From: Jeff King <peff@peff.net>
To: git@vger.kernel.org
Subject: [PATCH 3/3] diff: add "fasttextconv" config option
Date: Sun, 28 Mar 2010 10:54:21 -0400 [thread overview]
Message-ID: <20100328145421.GC27970@coredump.intra.peff.net> (raw)
In-Reply-To: <20100328145301.GA26213@coredump.intra.peff.net>
The normal textconv procedure is to dump the binary file to
a tempfile (optionally using a working tree file if
available), then run the textconv helper to produce a
textual version on stdout.

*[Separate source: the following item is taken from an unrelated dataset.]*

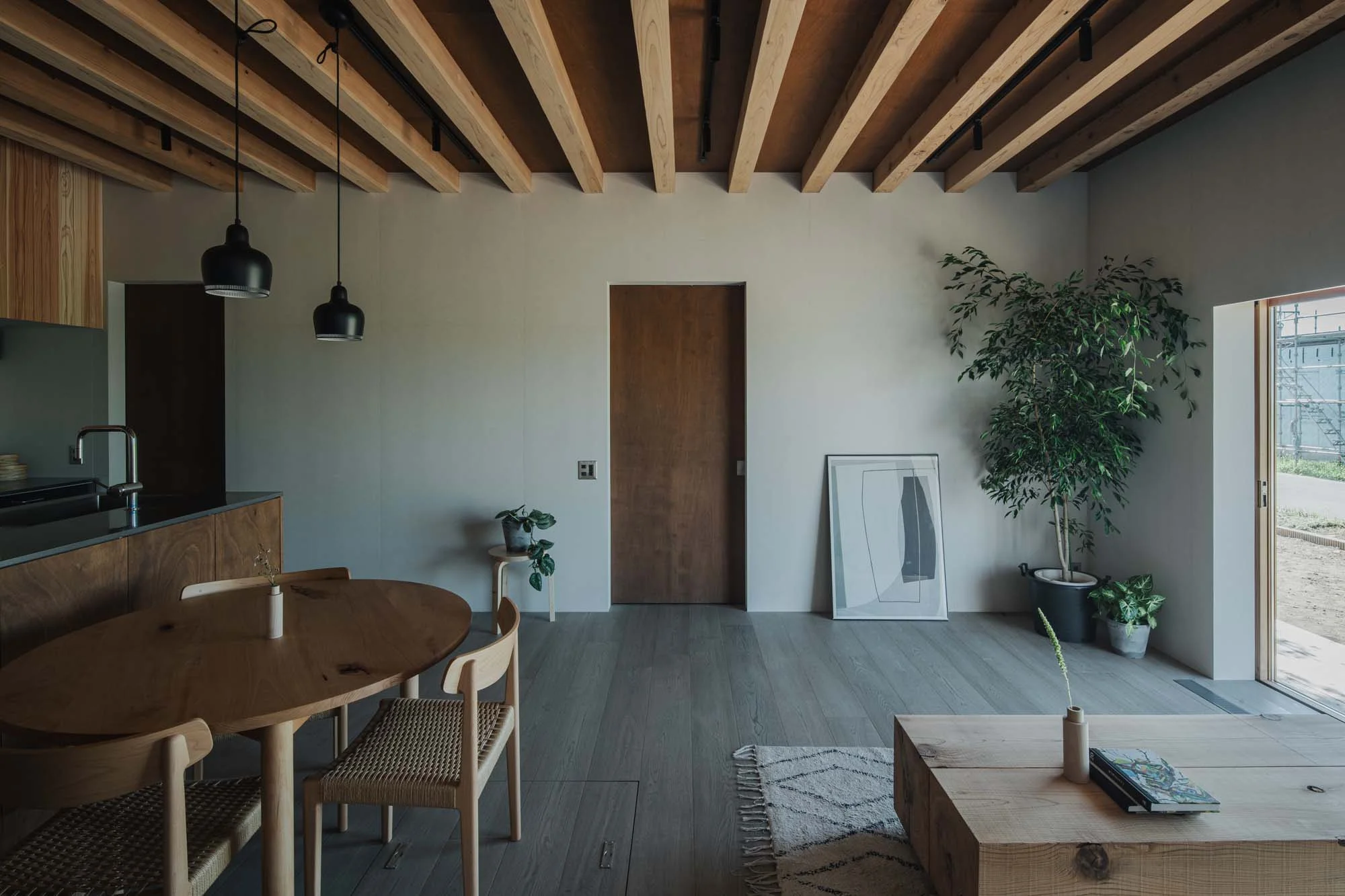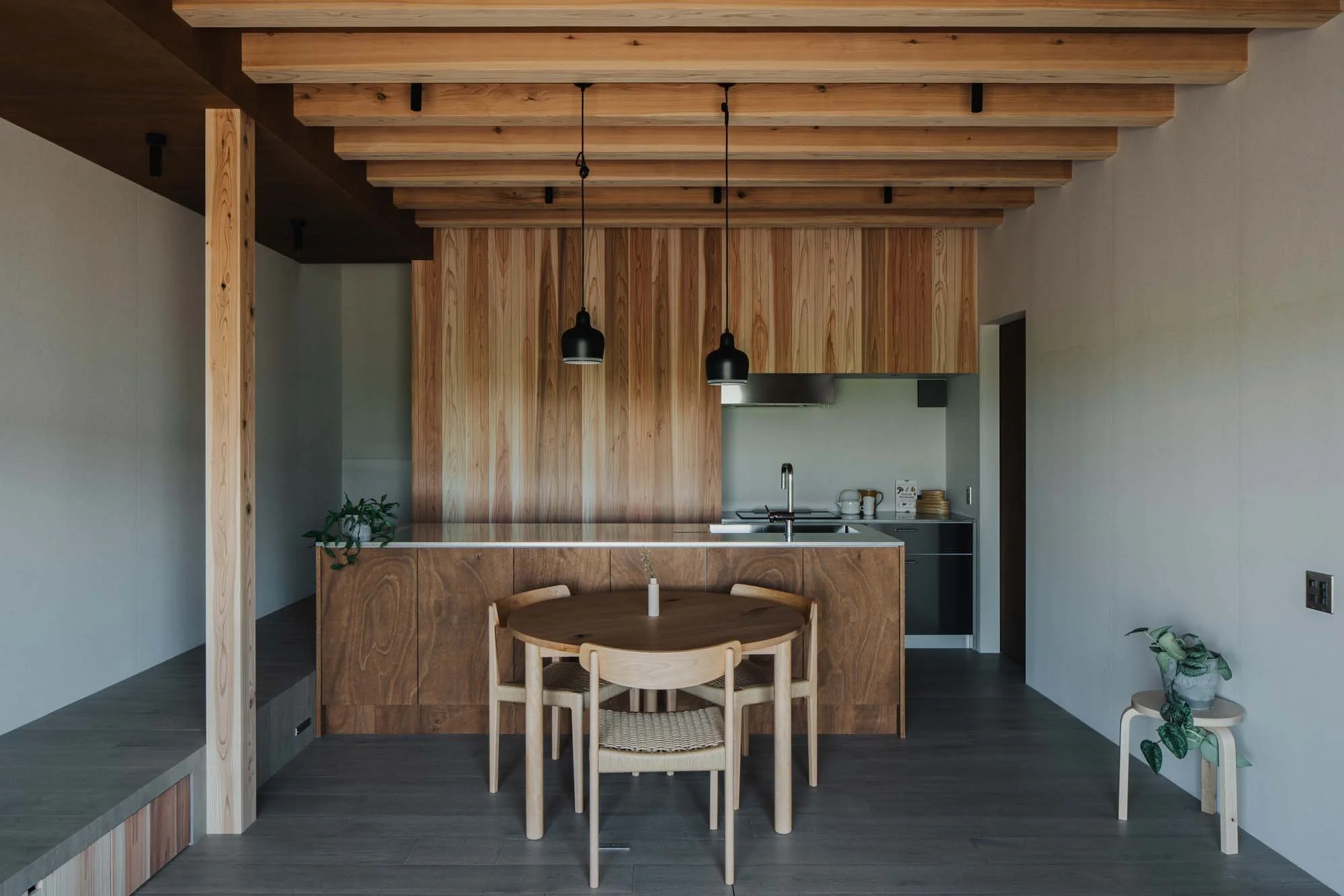 自然を感じさせるミニマルなインテリアと既存の木造住宅を踏襲しながら近代的な暮らしへアップデートされた空間。木々の香りを感じながら、住まう人、訪れる人を癒してくれる小屋をかたちに。

This is a very convenient
interface, as helpers don't need to be aware of git at all
and many standard commands can be used without wrappers.
Unfortunately, it can be slow for large binary files. We
spool the file to disk before invoking the textconv helper,
so the helper has no way to do any optimizations. For
example, the helper may need only part of the file (e.g.,
when showing metadata at the beginning of a media file), or
it may implement a caching scheme to avoid repeating
expensive conversions.
This patch introduces diff.*.fasttextconv, which invokes the
textconv helper with the sha1 of the blob to be converted.
The helper can then retrieve the file with git-cat-file if
necessary.
Signed-off-by: Jeff King <peff@peff.net>
---
Documentation/gitattributes.txt | 11 +++++++++++
diff.c | 32 ++++++++++++++++++++++++++++++++
t/t4030-diff-textconv.sh | 15 +++++++++++++++
userdiff.c | 8 +++++---
userdiff.h | 1 +
5 files changed, 64 insertions(+), 3 deletions(-)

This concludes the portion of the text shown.